Well, as I mentioned, if this is breaking setups and this series is the
only way to fix things, I have nothing against it, we can still work on
a more comprehensive solution (including the bridge) once we have it.

> > > Some setups, however, will use vxlan as a bridge port (or openvs vport).  
> > 
> > And, on top of that, I think what we're missing on the bridge is to
> > update the MTU when a port lowers its MTU. The MTU is changed only as
> > interfaces are added, which feels like a bug. We could use the lower
> > layer notifier to fix this.  
> 
> I will defer to someone who knows bridges better but I think that
> in bridge case we 100% depend on a human to set everything.

Not entirely, MTU is auto-adjusted when interfaces are added (unless
the user set it explicitly), however:

> bridge might be forwarding frames of non-ip protocol and I worry that
> this is a self-induced DoS when we start to alter configuration behind
> sysadmins back.

...yes, I agree that the matter with the bridge is different. And we
don't know if that fixes anything else than the selftest I showed, so
let's forget about the bridge for a moment.

> > I tried to represent the issue you're hitting with a new test case in
> > the pmtu.sh selftest, also included in the diff. Would that work for
> > Open vSwitch?  
> 
> No idea, I don't understand how it can work at all, we can't 'chop
> up'/mangle l2 frame in arbitrary fashion to somehow make them pass to
> the output port.  We also can't influence MTU config of the links peer.

Sorry I didn't expand right away.

In the test case I showed, it works because at that point sending
packets to the bridge will result in an error, and the (local) sender
fragments. Let's set this aside together with the bridge affair, though.

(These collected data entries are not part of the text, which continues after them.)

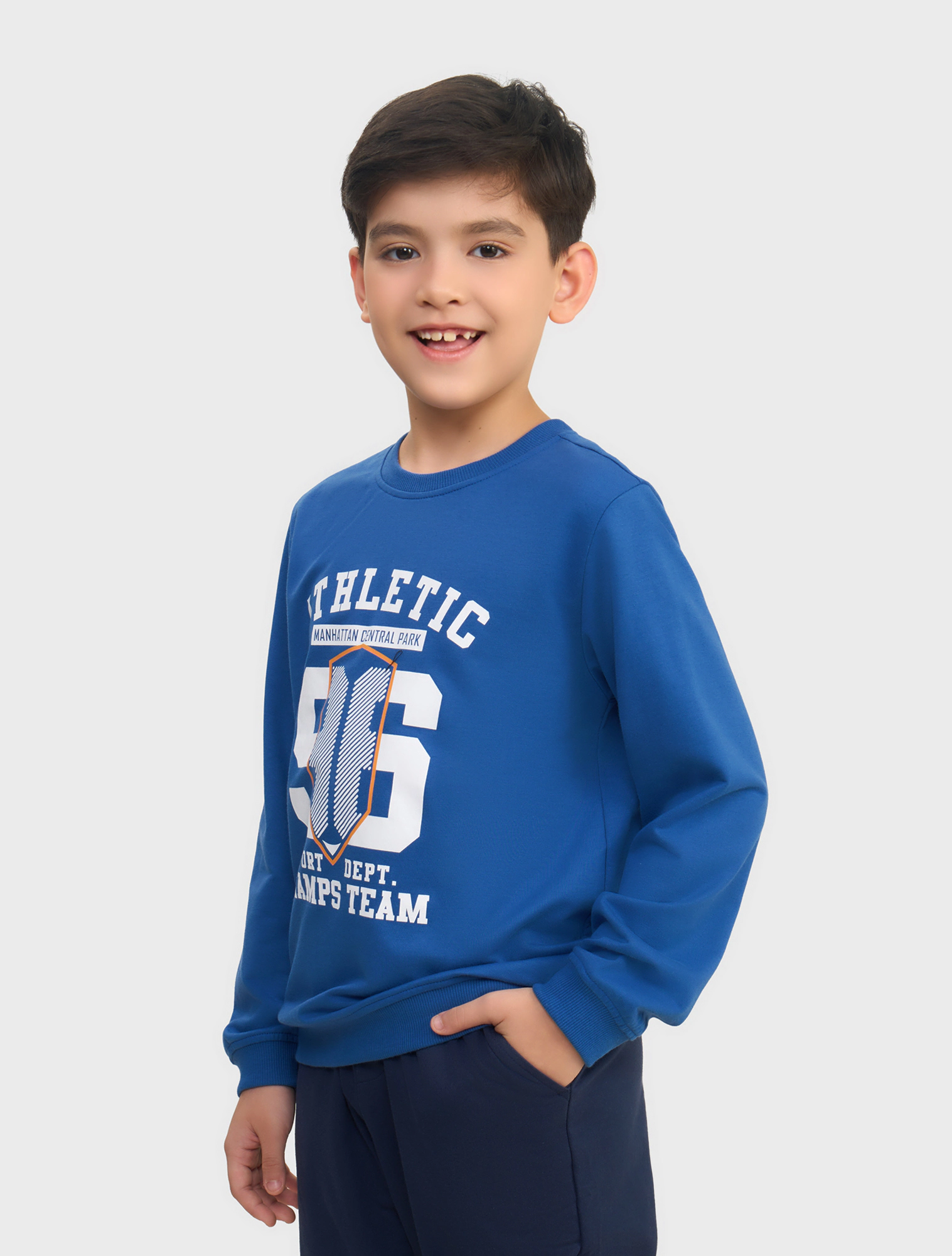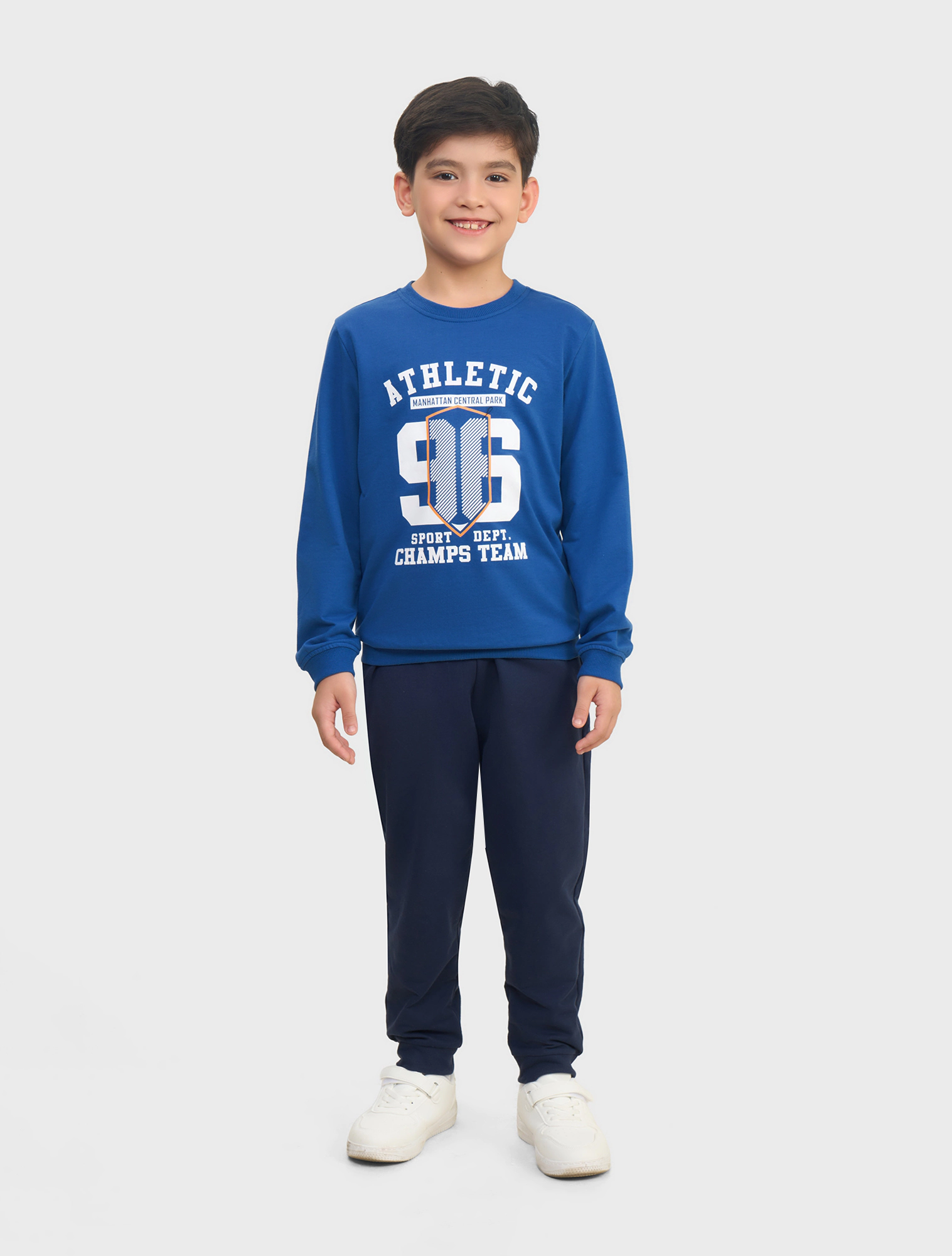 Bộ quần áo nỉ bé trai, chất liệu cotton USA, mix màu hài hòa, hình in nổi bật.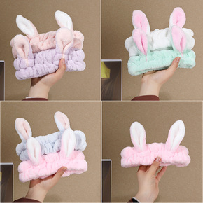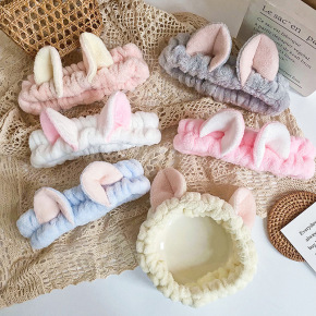 超萌可爱立体兔耳朵发带 洗脸化妆面膜束发发带 宽边...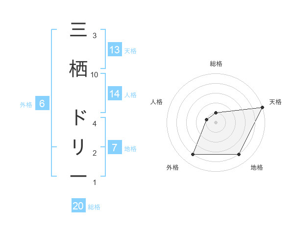 三栖 ドリーさんの天格は13画の5点!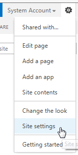 Click on the Settings menu on the upper right corner of the page and click on Site Settings.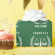 Unique law school graduation or attorney congrats gift wrap design on a green background. To personalise edit text to add his or her name.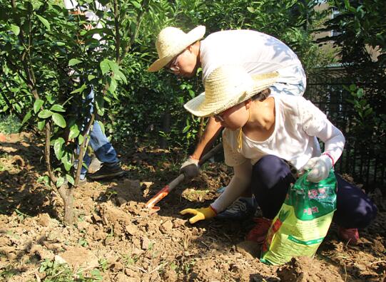在长河港湾橘园实践基地,园林系首届园林-园艺工匠型人才培养教改实验班的同学们正头戴草帽,手拿铁锹,背扛喷壶,在橘园穿梭忙碌着,额头上黄豆般的汗珠流个不停。人群中,一名晒得黝黑的女生格外显眼。她叫汪琴,园林系13级园林专业学生。“别看我个头小,我可是班上的‘女汉子’。”汪琴告诉记者,“我是武汉本地人,独生女,这段时间,蚊虫、灰尘、汗水与我作伴,终于体会到父母工作养家是那么不容易,我一定不会放弃的。”图为汪琴同学(右)正在给橘树施有机肥料。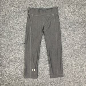 Under Armour Leggings Womens S Gray HeatGear Fitted Pull On Capri Logo Waistband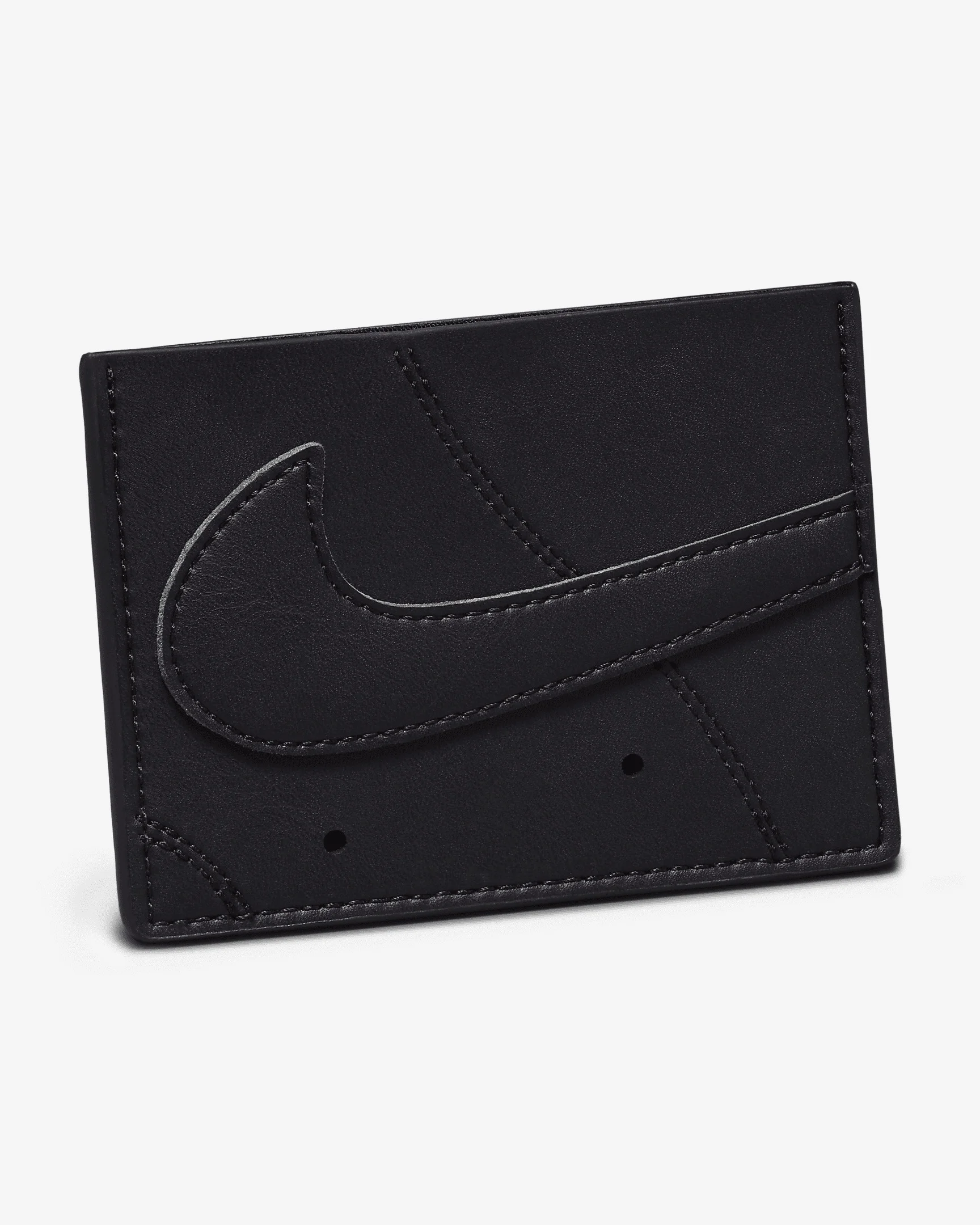 With a design that nods to a shoe that changed sneaker history, this card wallet has a sleeve for storing cash and three slots for cards. Benefits - Includes two sleeves and one slot for storing your cash, cards and IDs Product Details - Body: 60% polyurethane/40% nylon. Lining: 87% polyester/13% EVA. - Sport clean - Imported - Shown: Black - Style: N1009738-013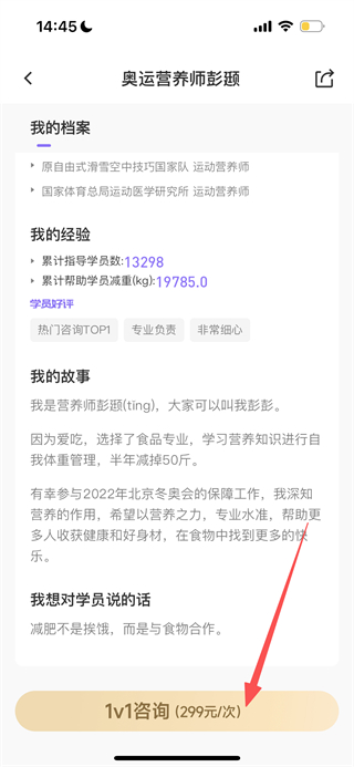 3、在详情页,点击1v1咨询按钮,即可咨询该营养师。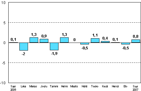- Teollisuustuotannon kausitasoitettu muutosprosentti elokuu 2007 / syyskuu 2007 (31.10.2007)

Back to VXLAN and OVS: OVS implements a "check_pkt_len" action, cf.
commit 4d5ec89fc8d1 ("net: openvswitch: Add a new action
check_pkt_len"), that should be used when packets exceed link MTUs:

  With the help of this action, OVN will check the packet length
  and if it is greater than the MTU size, it will generate an
  ICMP packet (type 3, code 4) and includes the next hop mtu in it
  so that the sender can fragment the packets.

and my understanding is that this can only work if we reflect the
effective MTU on the device itself (including VXLAN).

Side note: I'm not fond of the idea behind that OVS action because I
think it competes with the kernel (and with ICMP itself, or PLPMTUD if
ICMP is not an option) to do PMTU discovery.

However, if that already works for OVS (I really don't know. Aaron,
Numan?), perhaps you could simply consider going with that solution...

-- 
Stefano